= WHAT THE TASK REQUIRES =
All lines from the top of the records below through the line holding "1 комплект, Универсальный", and only those, should be printed exactly, minus the pictures.
--- PROVIDED ENTRIES ---
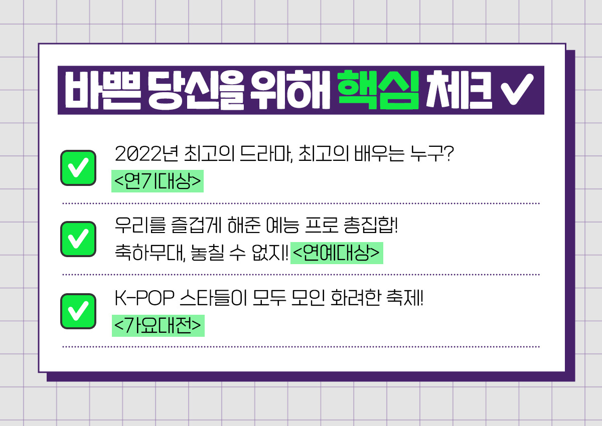 어느덧 2022년과 작별할 시간이 일주일 앞으로 다가왔다. 연말이면 한 해를 돌아보며 따수운 분위기가 오고 가곤 하는데, 여러분은 연말을 어떻게 보낼 계획인지 궁금하다. 친구들과 시끌벅적한 연말을 보내는 사람이 있는가 하면 필자처럼 폭신한 이불 속에서 가족들과 함께 TV를 보는 사람들도 있을 거다. 글쓴이는 특히 연말마다 각종 시상식들을 꼭 챙겨보는 편이다. 그래서 오늘은 시상식과 함께 한 해를 마무리하고 싶은 여러분을 위해 일정부터 라인업까지 모두 다 알려주겠다!
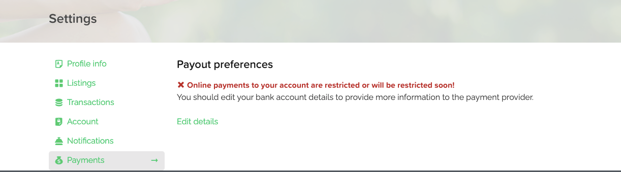 Once you've created a listing on the marketplace, you need to set up your payment details. Otherwise your listing is un-bookable by buyers. Here's how to do that.
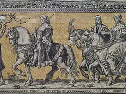 Frederick I, Elector of Saxony (1381–1428), Ernest, Elector of Saxony (1464–1486) and Frederick II, Elector of Saxony (1428–1464); Fürstenzug, Dresden, Germany
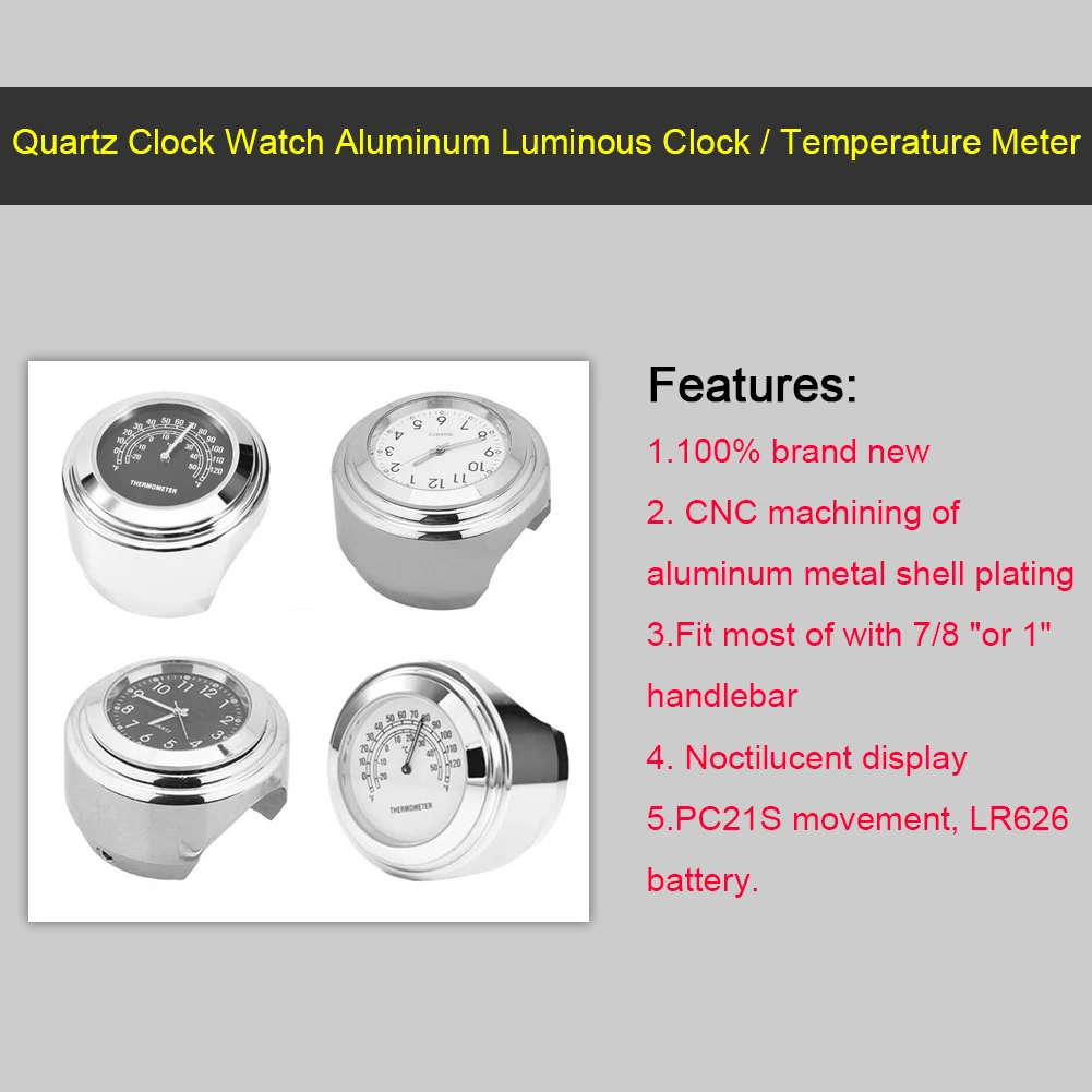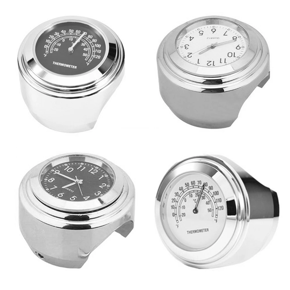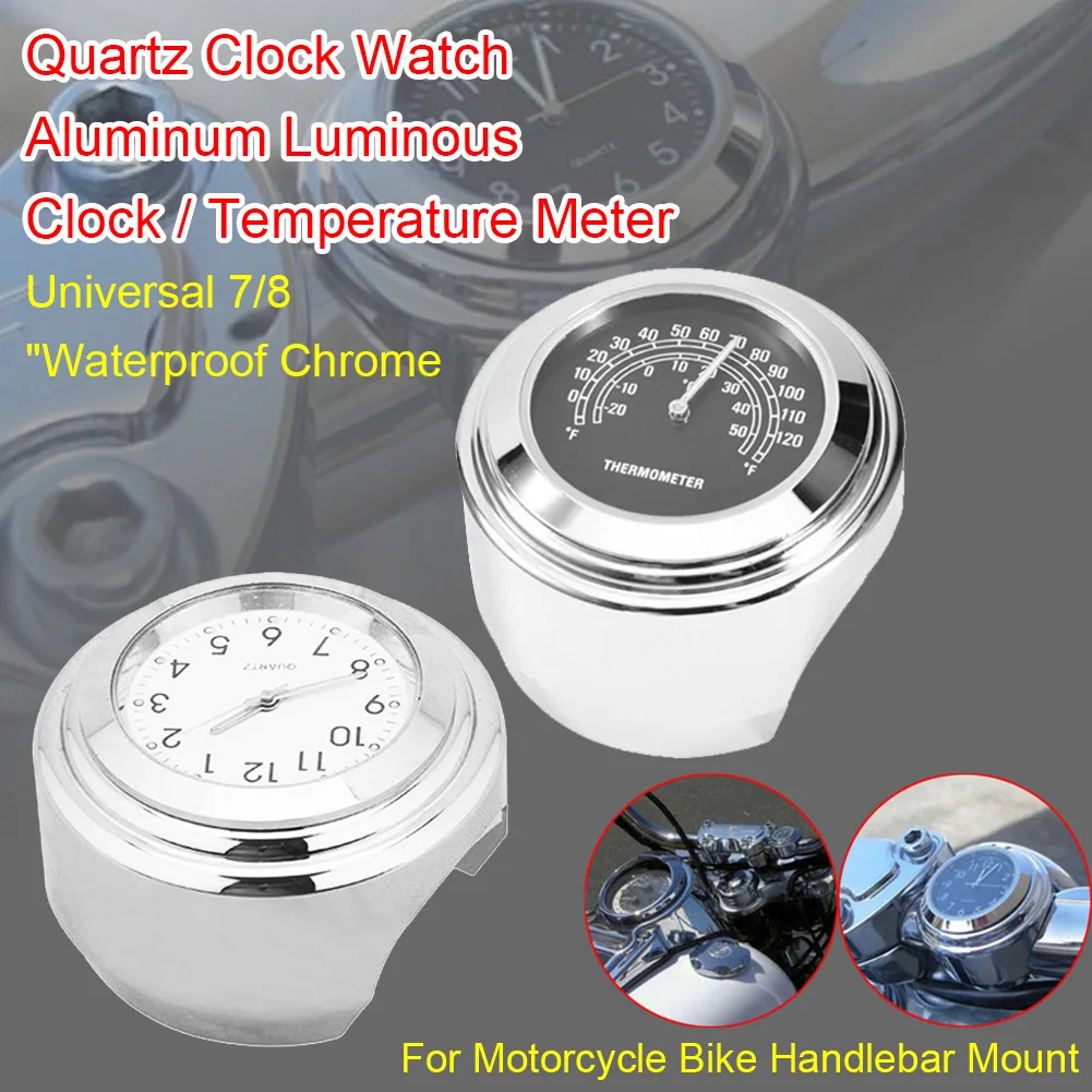 1 комплект, Универсальный руль для мотоцикла 7/8 ', крепление на руль, кварцевые часы, термометр, водонепроницаемый хром, мото руль, часы для мотоцикла, водонепроницаемые хромированные часы для мотоцикла, велосипеда, крепление на руль, кварцевые часы, алюминиевые светящиеся часы, мото Черные Аксессуары
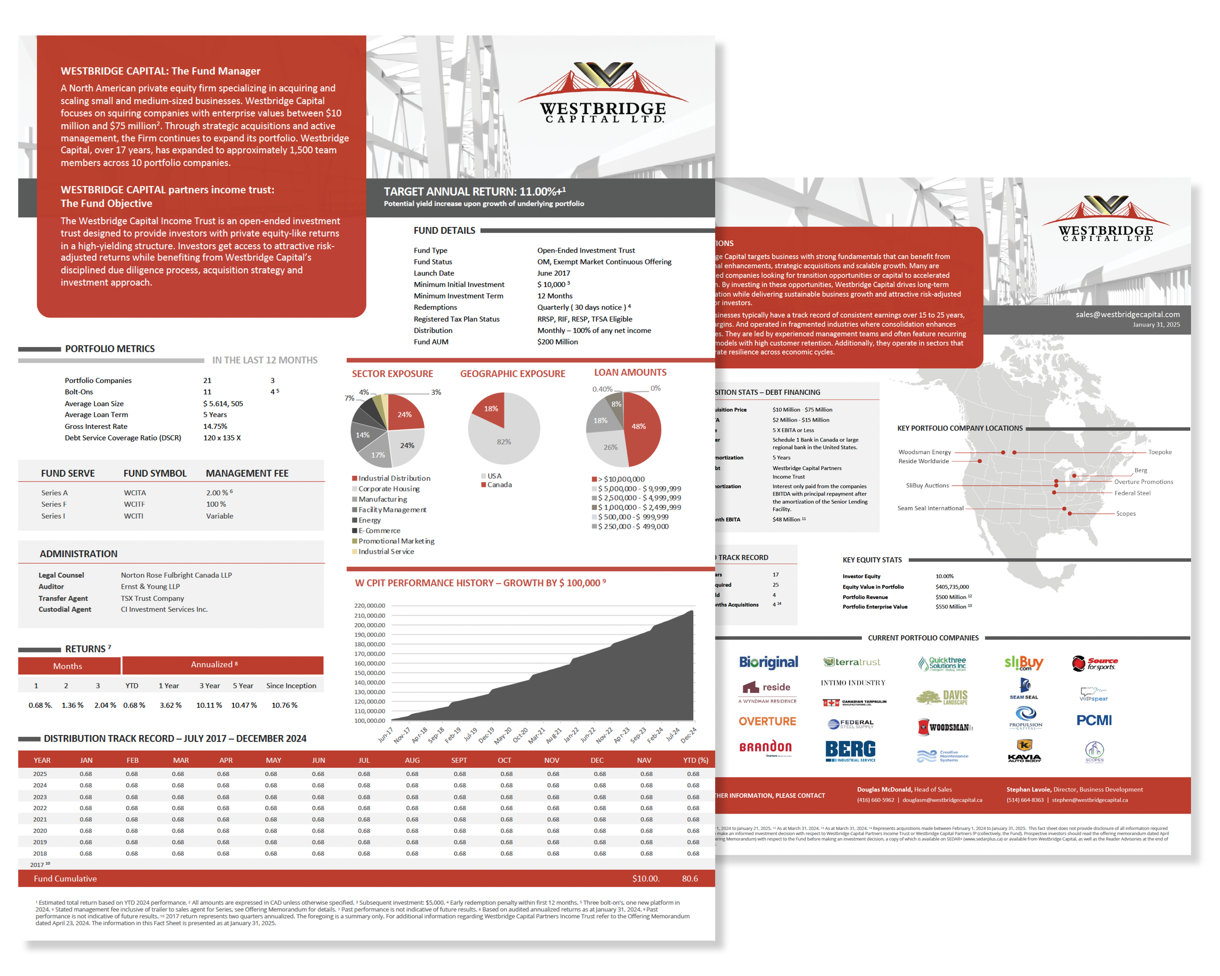 This capital investment firm was looking to redesign several of their marketing materials. They wanted to explore a fresh design aesthetic that kept complex information legible without appearing rigid or heavy. I created templates their team could easily update with new data. To modernize the look, I moved away from their previous use of black and dark imagery, opting for a lighter, more engaging approach that complemented, rather than distracted from, the written content.
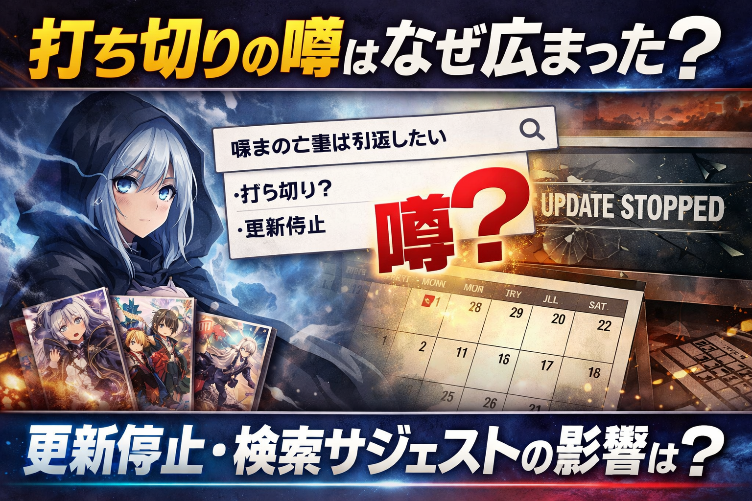 この記事では、嘆きの亡霊は引退したいが打ち切りと噂される理由とは?更新停止や検索候補の影響を解説というテーマで、噂の原因と実際の状況を整理します。
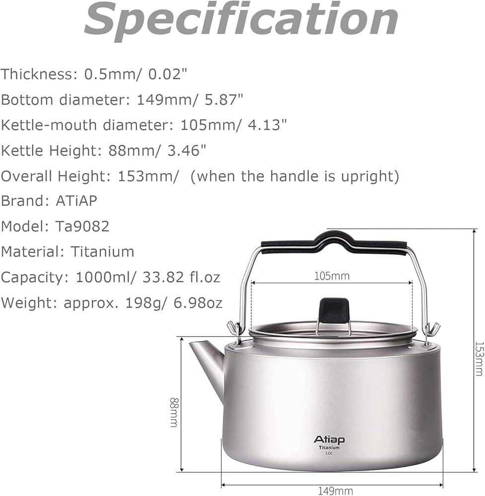 الوزن 5.4 أونصة فقط، السعة: 600 مل/ 20.29 أونصة سائلة، السعة الموصى بها: 0.48 لتر. تأتي مع حقيبة شبكية لسهولة التخزين والحمل. تحتوي العبوة على قطعة واحدة من غلاية تيتانيوم سعة 600 مل وحقيبة فوضى واحدة.
---
= RESULT OF THE TASK =
 어느덧 2022년과 작별할 시간이 일주일 앞으로 다가왔다. 연말이면 한 해를 돌아보며 따수운 분위기가 오고 가곤 하는데, 여러분은 연말을 어떻게 보낼 계획인지 궁금하다. 친구들과 시끌벅적한 연말을 보내는 사람이 있는가 하면 필자처럼 폭신한 이불 속에서 가족들과 함께 TV를 보는 사람들도 있을 거다. 글쓴이는 특히 연말마다 각종 시상식들을 꼭 챙겨보는 편이다. 그래서 오늘은 시상식과 함께 한 해를 마무리하고 싶은 여러분을 위해 일정부터 라인업까지 모두 다 알려주겠다!
 Once you've created a listing on the marketplace, you need to set up your payment details. Otherwise your listing is un-bookable by buyers. Here's how to do that.
 Frederick I, Elector of Saxony (1381–1428), Ernest, Elector of Saxony (1464–1486) and Frederick II, Elector of Saxony (1428–1464); Fürstenzug, Dresden, Germany
 1 комплект, Универсальный руль для мотоцикла 7/8 ', крепление на руль, кварцевые часы, термометр, водонепроницаемый хром, мото руль, часы для мотоцикла, водонепроницаемые хромированные часы для мотоцикла, велосипеда, крепление на руль, кварцевые часы, алюминиевые светящиеся часы, мото Черные Аксессуары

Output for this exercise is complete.